If you see a picture in the data below, omit it and copy the rest exactly.

● **Data excerpt**:
= = = =

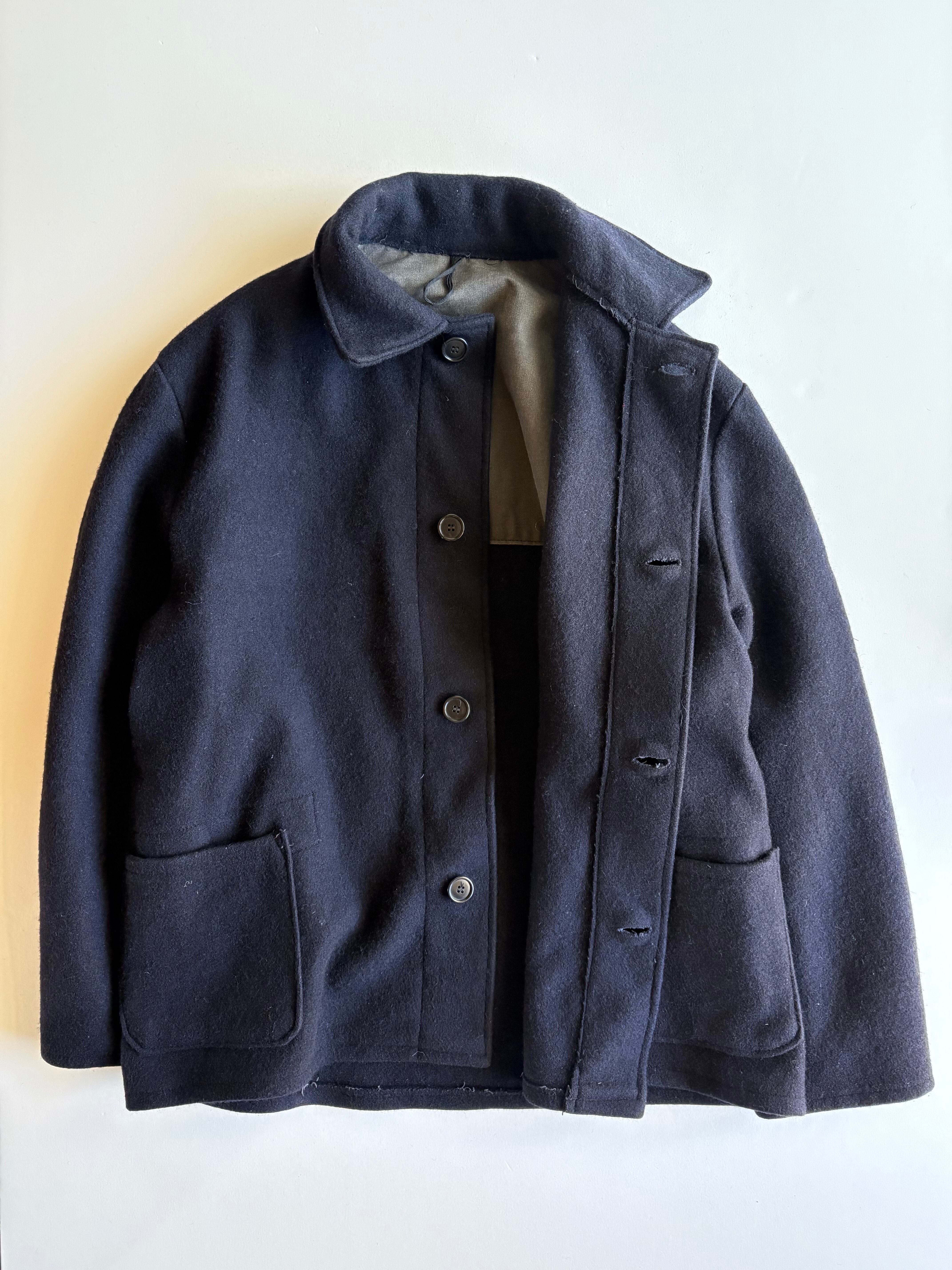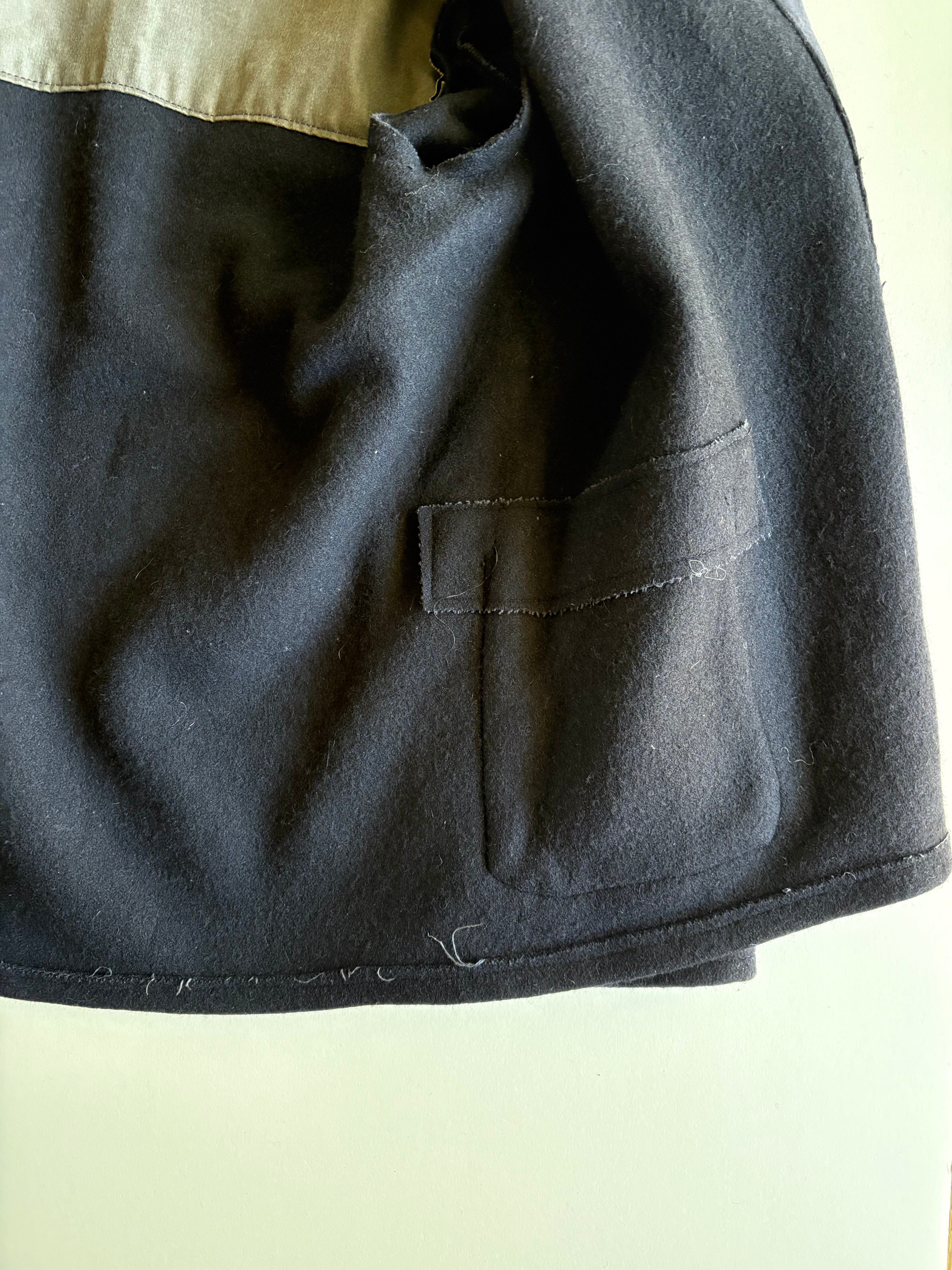 重たいものを担いだりしても破けやほつれが起こりづらいように、肩周りや腕の一部をPVC(合皮)などで覆い、寒い場所で着用できるようにその他はウールを用いたジャケット。
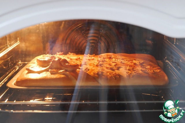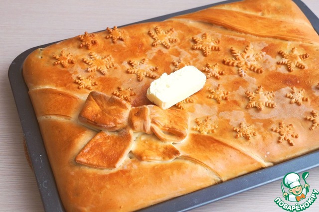 Готовый горячий пирог смазать сливочным маслом для смягчения верхней корочки.
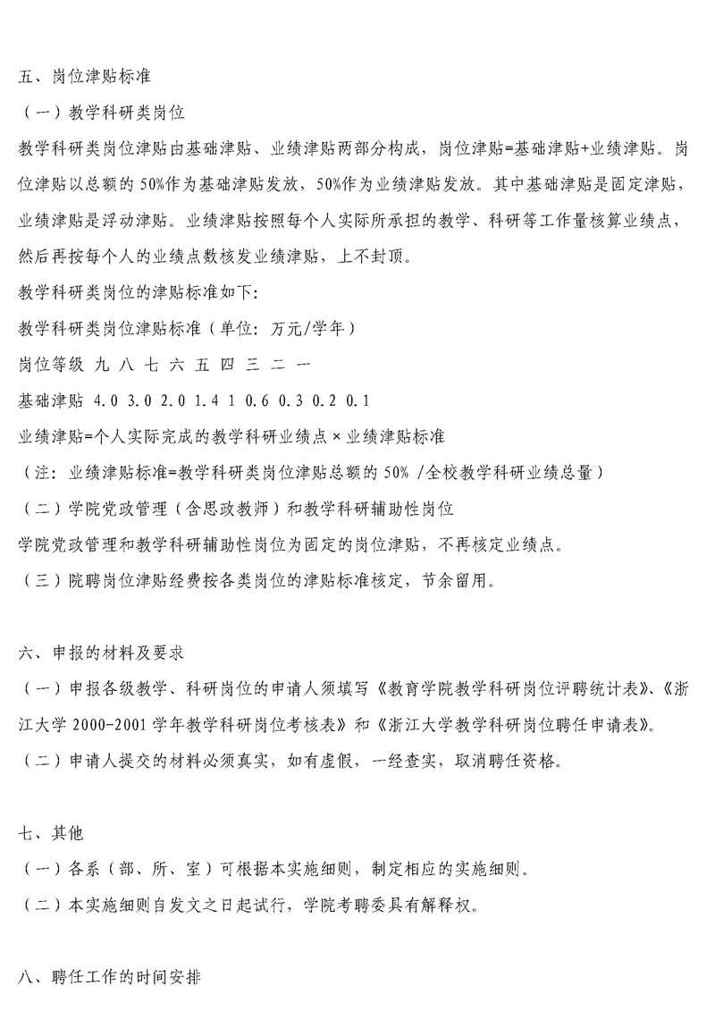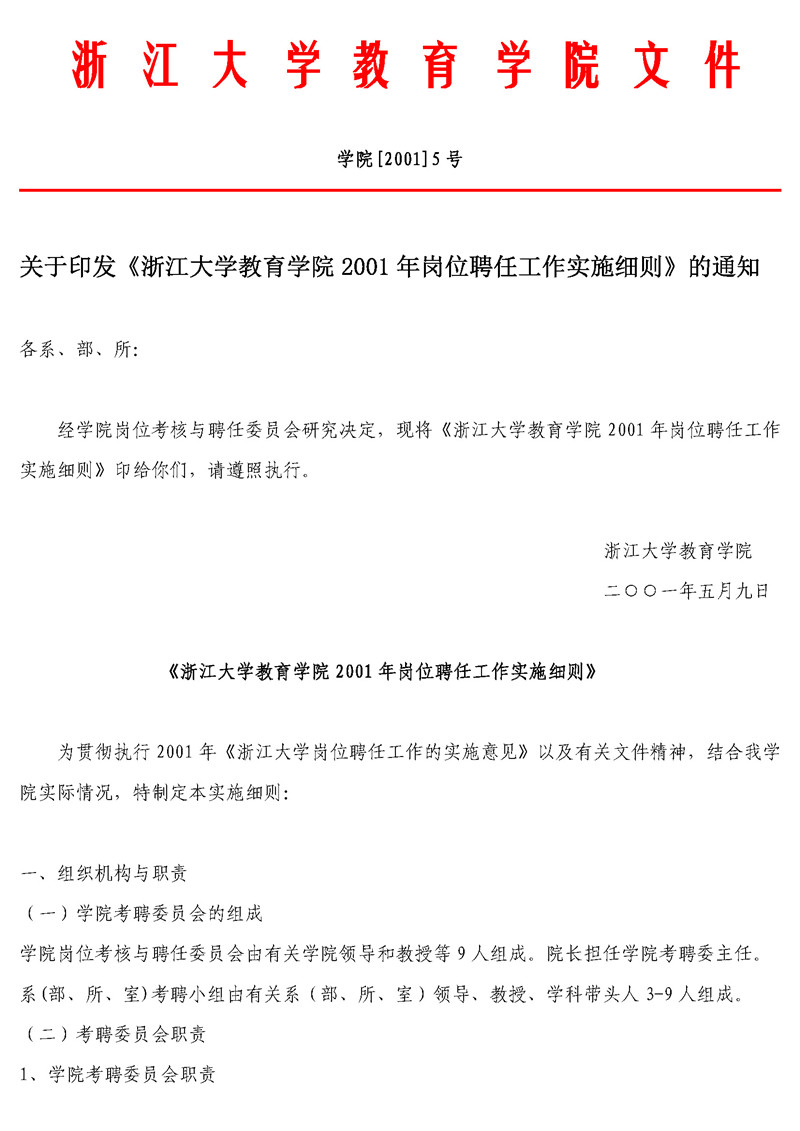 学院[2001]5号 关于印发《浙江大学教育学院2001年岗位聘任工作实施细则》...

= = = =

● **Task solution**:
 重たいものを担いだりしても破けやほつれが起こりづらいように、肩周りや腕の一部をPVC(合皮)などで覆い、寒い場所で着用できるようにその他はウールを用いたジャケット。
 Готовый горячий пирог смазать сливочным маслом для смягчения верхней корочки.
 学院[2001]5号 关于印发《浙江大学教育学院2001年岗位聘任工作实施细则》...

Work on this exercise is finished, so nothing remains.